Близка к такому подходу и точка зрения Г. В. Суходольского, полагавшего, что активность – это жизнедеятельность или жизнь в целом, а деятельность – это целесообразная жизнедеятельность [145, с. 15].

Аналогичным образом представляет себе активность и В. А. Татенко: «Категории активности и деятельности могут соотноситься по критерию "абстрактное – конкретное". В этом смысле активность представляется более абстрактной и более широкой категорией, включающей в себя все возможные проявления живого и, таким образом, "снимающей" в себе категорию деятельности, как одну из своих форм» [146, с. 223].

Собственно говоря, подобный подход к пониманию активности восходит к философской трактовке активности как всеобщего свойства живой природы и – шире – как свойства движущейся материи в целом быть причиной или действием, обусловливающего появление жизни (см. напр., [19]). Однако следует заметить, что механически точный перенос семантики какого-либо термина из одной науки в другую вступает, как правило, в противоречие с определением предмета второй науки, поскольку иной предмет науки с необходимостью требует раскрытия иных сторон явления, отражающихся в иных, отличных от заложенных в предмете первой науки, смыслах.

В этой связи справедливо отмечалось, что указанный подход, при котором активность как жизнедеятельность заведомо шире любой формы деятельности, превращает «активность» в предельно общую философскую категорию, тем самым лишая смысла экспериментальные психологические исследования в этом направлении [52, с. 240].

Глобализированное использование «активности» в «содержательной» парадигме весьма широко распространилось и в отечественной социальной психологии. Понимание активности как деятельности по реализации установки на достижение образа потребного будущего, а установки – как «состояния готовности к определенной активности» (Д. Н. Узнадзе) привело к тому, что в отечественной социальной психологии активностью стал называться исключительно широкий круг содержательных феноменов, связанных с самыми разными психическими аспектами существования индивида.

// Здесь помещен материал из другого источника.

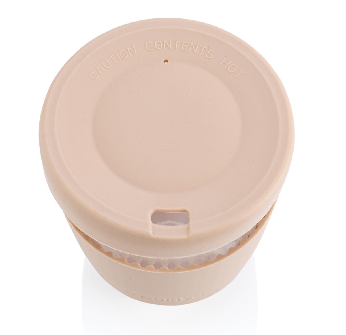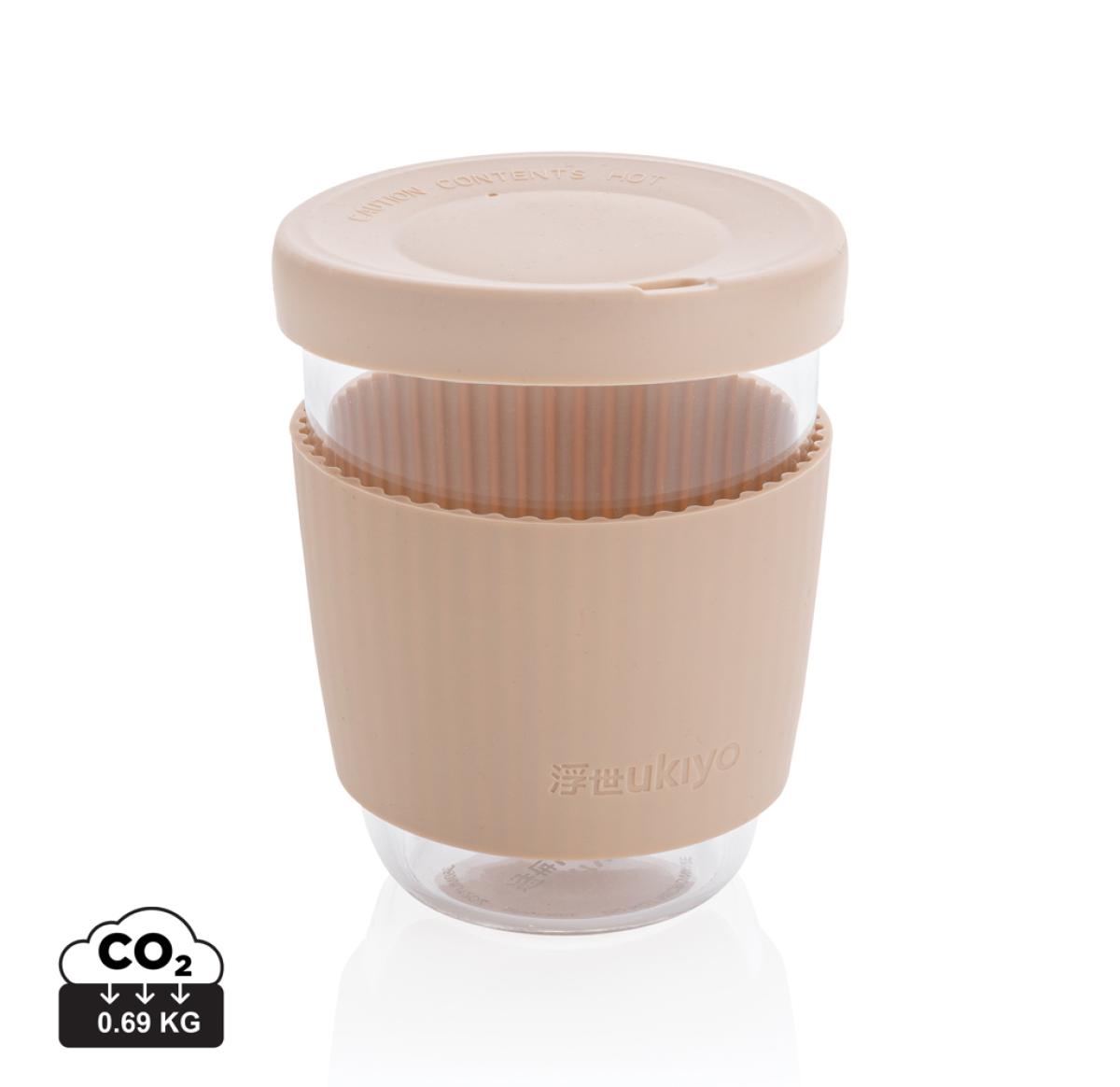 Enjoy your coffee at work or at home in this Ukiyo borosilicate glass with silicone lid and sleeve. The cup has a nice grip and a slim shape. A small vent in the lid allows steam to escape to prevent pressure build-up. BPA free. Capacity 360ml.
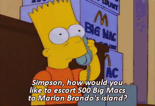 Simpson, how would you like to escort 500 Big Macs to Marlon Brando's island? I can't take much more of this. I'm counting on you, Lise.
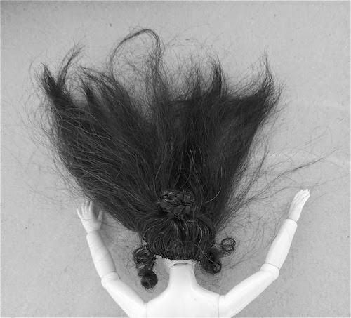 I know how my hands would work (would NOT work, that is) on an item that small – I couldn't even attempt it – I think if you can work out the “bugs” you can have quite a gorgeous item … with a lot of work! OMG Lily's hair, though – she DOES look like a barmaid (or harlot, lol) in that first pic where she has tresses – I guess it looks worse in person (??) because it seems to look quite luscious in the picture!
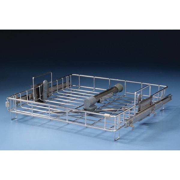 Upper standard rack 4595900 is designed for use with FlaskScrubber and FlaskScrubber Vantage series glassware washers and includes side rails for tank side wall installation. Constructed of type 304 stainless steel. Includes side releases latches and wash arm.

Именно так, например, считала К. А. Абульханова, которая писала, что «большинство существующих в социальной психологии типологий представляют собой классификацию отдельных форм активности: установок, поведения, сознания и т. д.» [6, с. 10]. В этой же парадигме одной из форм активности является, по ее мнению, и направленность личности [4, с. 18–19].

Подобное, ничем не оправданное, расширение понятия, когда активность понимается как «наше все», «накрывая» собой и направленность, и установки, и поведение, и даже сознание в целом, приводит, помимо прочего, и к редуцированию деятельности, приданию деятельности вспомогательных по отношению к активности функций.

вернуться

2

Чаще всего деятельность определяется как категория, характеризуемая «осознанностью и целенаправленностью». На самом деле целенаправленность всегда подразумевает осознанность, а случаи, когда преследуемые человеком цели им не осознаются, являются лишь временными смещениями фокуса сознания с данных целей. Иногда, помимо осознанности и целенаправленности, определяющей характеристикой деятельности предлагается считать ее функцию преобразования действительности (см., напр., [34]). Подобный подход также не вызывает возражений, если понимать преобразование действительности достаточно широко, включая сюда и переструктурирование ситуации, при котором, например, целенаправленное, а не импульсивно-паническое бегство (деликатно называемое в этом случае «отступлением») рассматривается как преобразование действительности. Однако и это добавление также представляется излишним, поскольку любые осознанные и целенаправленные действия, включая мыслительные, так или иначе переструктурируют, т. е. преобразовывают ситуацию.